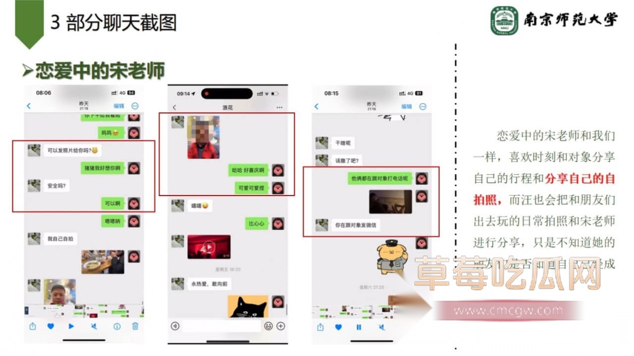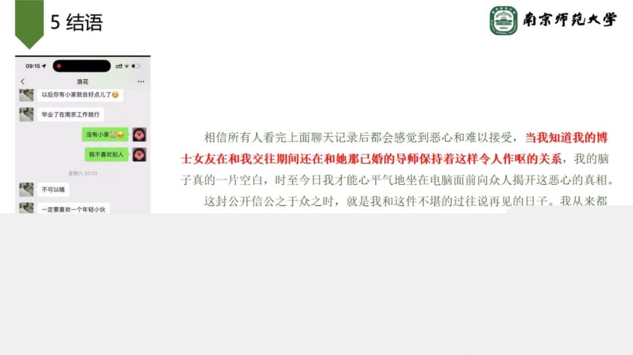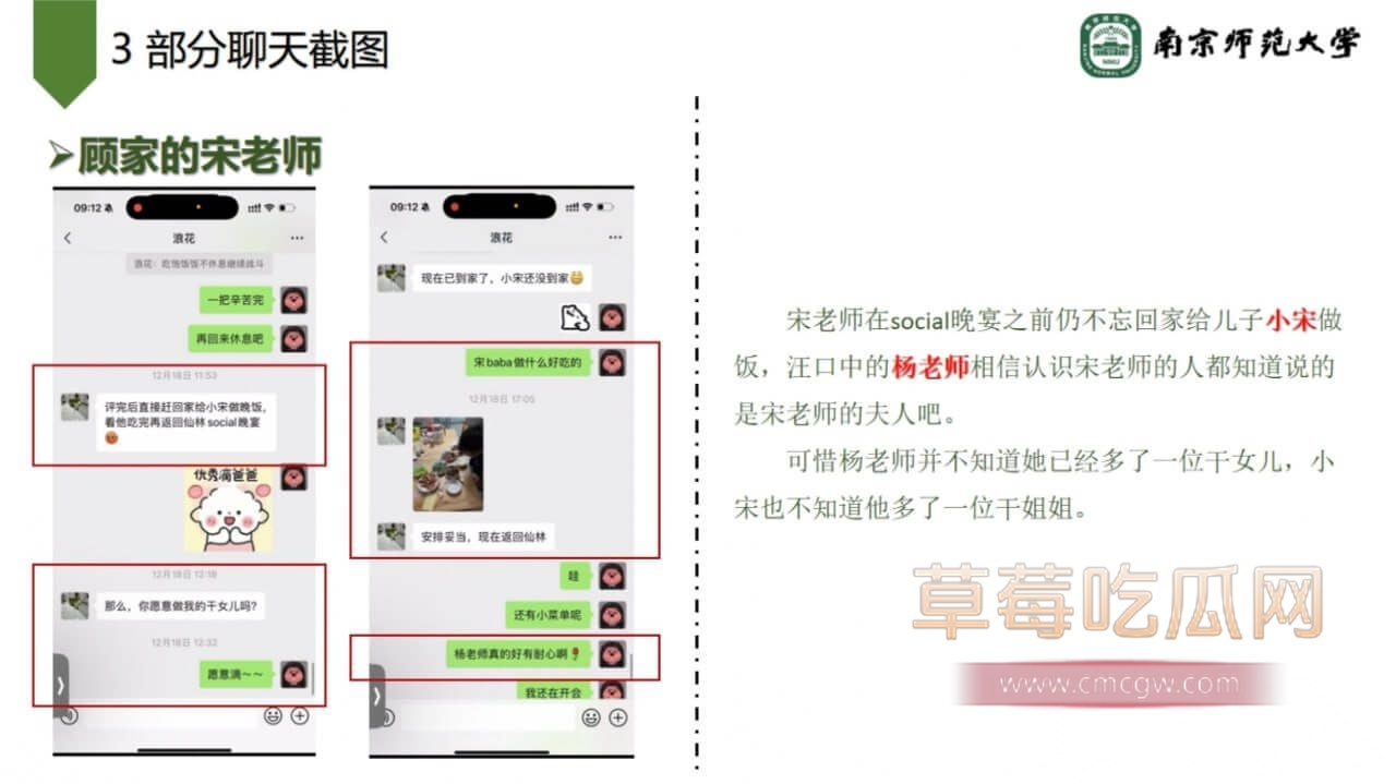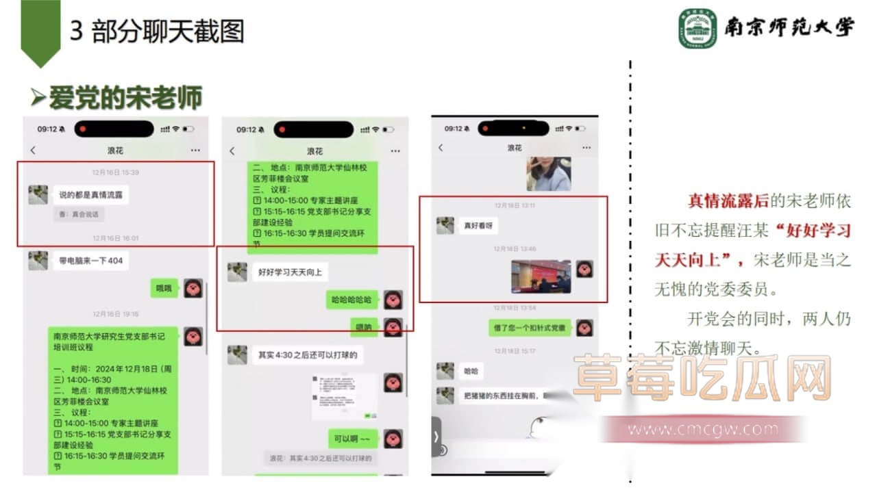 关键词:#南京师范大学环境学院副院长宋海亮 #婚内出轨 #女博士 #南京师大副院长出轨 #男友被绿 #PPT大瓜 #聊天记录 #南京师范大学 #副院长 #宋海亮 #汪慧香 #出轨 #南京师范大学宋海亮 #女博士汪慧香 #猪猪
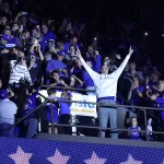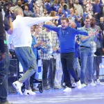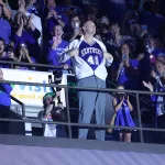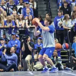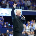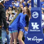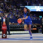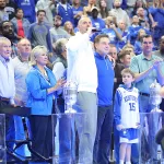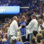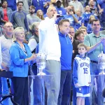 Kentucky football coach Mark Stoops also made an appearance for the first time. The innovative LED court was transformed into a football field as he spoke to the crowd.
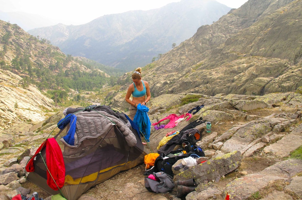 Med gårdagens do-køer og oppfylte teltcamper ferskt i minnet, velger vi å slå leir utenfor hytteområdet. På en liten oppdagelsesferd rundt plassen, lokaliserer vi til vår store forbauselse at bakgården vår skjuler en oase av rennende vann i en perfekt dusjformasjon. Vannet er så kaldt at hjernefrys og hyperventilering er uunngåelig. For å skåne hverandre fra vår egen kroppslukt og skitne tær, piner vi oss gjennom det. Sokker og trøyer får en vask på lik linje med oss selv, og henges opp i trærne så campen med ett forvandles til en tur-aktig taterleir. Slitne og tilsynelatende rene, legger vi oss i soveposen med en krystallklar stjernehimmel over hodet. Før jeg rekker å oppnå hvilepuls, gleder jeg meg allerede til neste dag på GR20. Vi sovner til lyden av lett bris i tretoppene og ett og annet fuglekvitter i det fjerne. Selv om lår, knær og legger er uenige, så elsker vi Korsika allerede etter dag to. Elsker det. Virkelig.
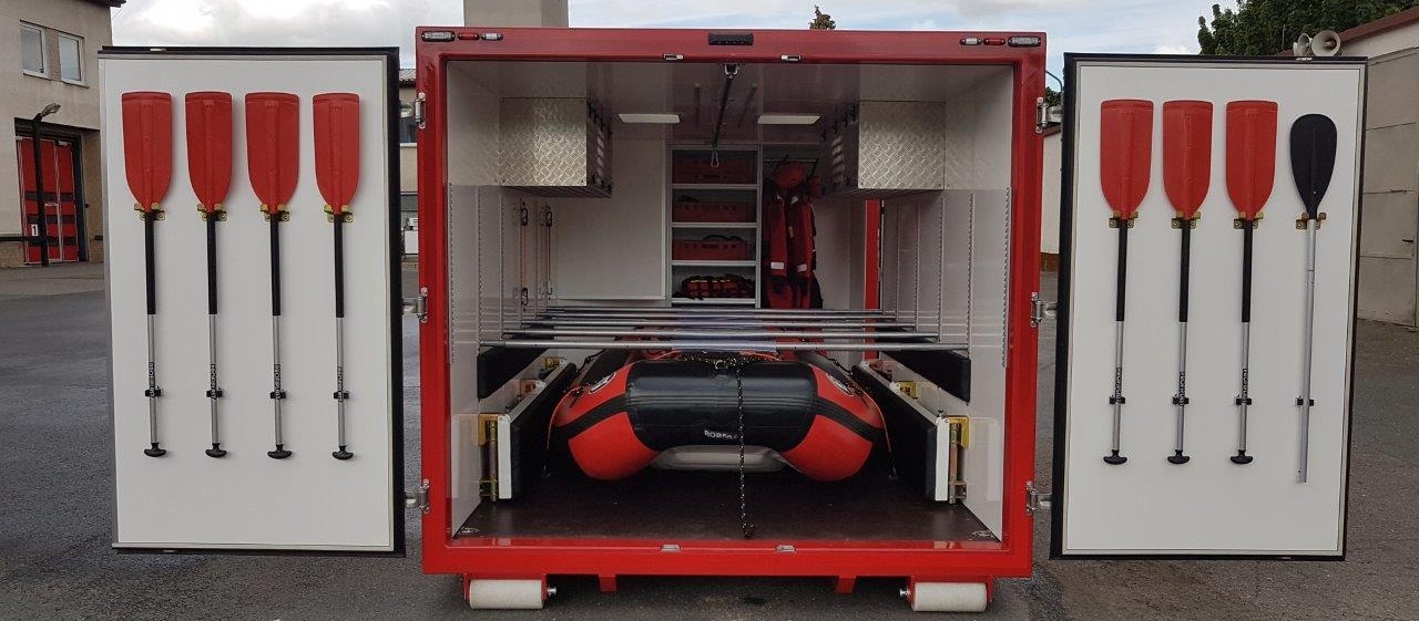 Kontejner je vybaven motorovým člunem Zodiac Futura Mark IIC ALU/370 a raftovým člunem Robfin Hobit 400. Dále má ve výbavě záchranný nafukovací paddleboard AirSurf Rescue pro rychlý a efektivní zásah pro záchranu tonoucího. Kontejner je uzpůsoben pro výbavu a technické zázemí minimálně šesti zasahujících příslušníků k záchraně tonoucích a práci na vodní hladině. Pro tepelný komfort a prvotní zázemí pro zachraňované je vybaven topením a elektrocentrálou pro zajištění samostatného fungování i v odlehlých oblastech. Záchranný lodní kontejner navazuje na systémovou linii kontejnerové koncepce u HZS Středočeského kraje.

▸ **EXERCISE OBJECTIVE**
Which lines run from the one containing "Kentucky football coach" to the end of the data above? Set down those lines exactly, and only those, without any pictures.

▸ **PROBLEM SOLUTION**
 Kentucky football coach Mark Stoops also made an appearance for the first time. The innovative LED court was transformed into a football field as he spoke to the crowd.
 Med gårdagens do-køer og oppfylte teltcamper ferskt i minnet, velger vi å slå leir utenfor hytteområdet. På en liten oppdagelsesferd rundt plassen, lokaliserer vi til vår store forbauselse at bakgården vår skjuler en oase av rennende vann i en perfekt dusjformasjon. Vannet er så kaldt at hjernefrys og hyperventilering er uunngåelig. For å skåne hverandre fra vår egen kroppslukt og skitne tær, piner vi oss gjennom det. Sokker og trøyer får en vask på lik linje med oss selv, og henges opp i trærne så campen med ett forvandles til en tur-aktig taterleir. Slitne og tilsynelatende rene, legger vi oss i soveposen med en krystallklar stjernehimmel over hodet. Før jeg rekker å oppnå hvilepuls, gleder jeg meg allerede til neste dag på GR20. Vi sovner til lyden av lett bris i tretoppene og ett og annet fuglekvitter i det fjerne. Selv om lår, knær og legger er uenige, så elsker vi Korsika allerede etter dag to. Elsker det. Virkelig.
 Kontejner je vybaven motorovým člunem Zodiac Futura Mark IIC ALU/370 a raftovým člunem Robfin Hobit 400. Dále má ve výbavě záchranný nafukovací paddleboard AirSurf Rescue pro rychlý a efektivní zásah pro záchranu tonoucího. Kontejner je uzpůsoben pro výbavu a technické zázemí minimálně šesti zasahujících příslušníků k záchraně tonoucích a práci na vodní hladině. Pro tepelný komfort a prvotní zázemí pro zachraňované je vybaven topením a elektrocentrálou pro zajištění samostatného fungování i v odlehlých oblastech. Záchranný lodní kontejner navazuje na systémovou linii kontejnerové koncepce u HZS Středočeského kraje.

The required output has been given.